Determination of temporal information granules to improve forecasting in fuzzy time series

https://doi.org/10.1016/j.eswa.2013.10.046Get rights and content

Highlights

  • Partitioning the universe of discourse in consideration of temporal information.

  • Determining intervals by time series segmentation and information granules.

  • Using the proposed method forecasting accuracies were significantly improved.

  • These intervals carry well-defined semantics.

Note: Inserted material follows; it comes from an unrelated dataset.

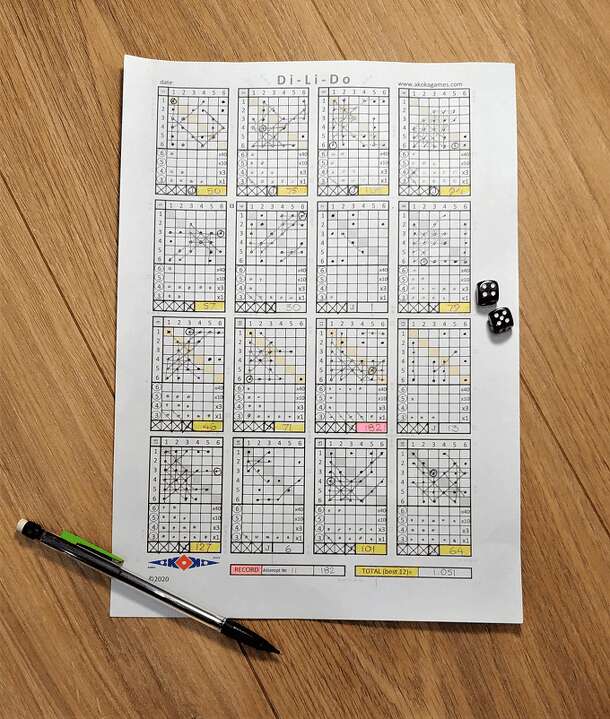 Di-Li-Do is an IDEAL GAME TO PLAY ALONE. After your eyes are tired from any computer / mobilephone / TV / smartphone etc - screen - it is great to spend time playing just with a piece of paper, pencil and 2 (d6) dice. Also you can organize a tournament for any amount of players and for any amount of time. To start you need to download a score sheet and it...

  • The proposed method is very robust and stable to forecast in fuzzy time series.

Abstract

Partitioning the universe of discourse and determining intervals containing useful temporal information and coming with better interpretability are critical for forecasting in fuzzy time series. In the existing literature, researchers seldom consider the effect of time variable when they partition the universe of discourse. As a result, and there is a lack of interpretability of the resulting temporal intervals. In this paper, we take the temporal information into account to partition the universe of discourse into intervals with unequal length. As a result, the performance improves forecasting quality. First, time variable is involved in partitioning the universe through Gath–Geva clustering-based time series segmentation and obtain the prototypes of data, then determine suitable intervals according to the prototypes by means of information granules. An effective method of partitioning and determining intervals is proposed. We show that these intervals carry well-defined semantics. To verify the effectiveness of the approach, we apply the proposed method to forecast enrollment of students of Alabama University and the Taiwan Stock Exchange Capitalization Weighted Stock Index. The experimental results show that the partitioning with temporal information can greatly improve accuracy of forecasting. Furthermore, the proposed method is not sensitive to its parameters.

Introduction

For more than one decade, fuzzy time series has successfully been used to deal with various domain problems, such as stock index forecasting (Yu, 2005), hydrometeorology forecasting (Wang, Liu, & Yin, 2012), wastewater treatment (Wen & Lee, 1999), enrollment prediction (Song & Chissom, 1993a), temperature forecasting (Wang & Chen, 2009), etc. The concept of fuzzy time series was firstly introduced by Song and Chissom (1993b). Using the concept of fuzzy time series, they presented the time-invariant fuzzy time series model and the time-variant fuzzy time series model to forecast the enrollments of the University of Alabama. Following Song and Chissom, related studies mainly focus on improving the forecasting accuracy and reducing the computational complexity of the method.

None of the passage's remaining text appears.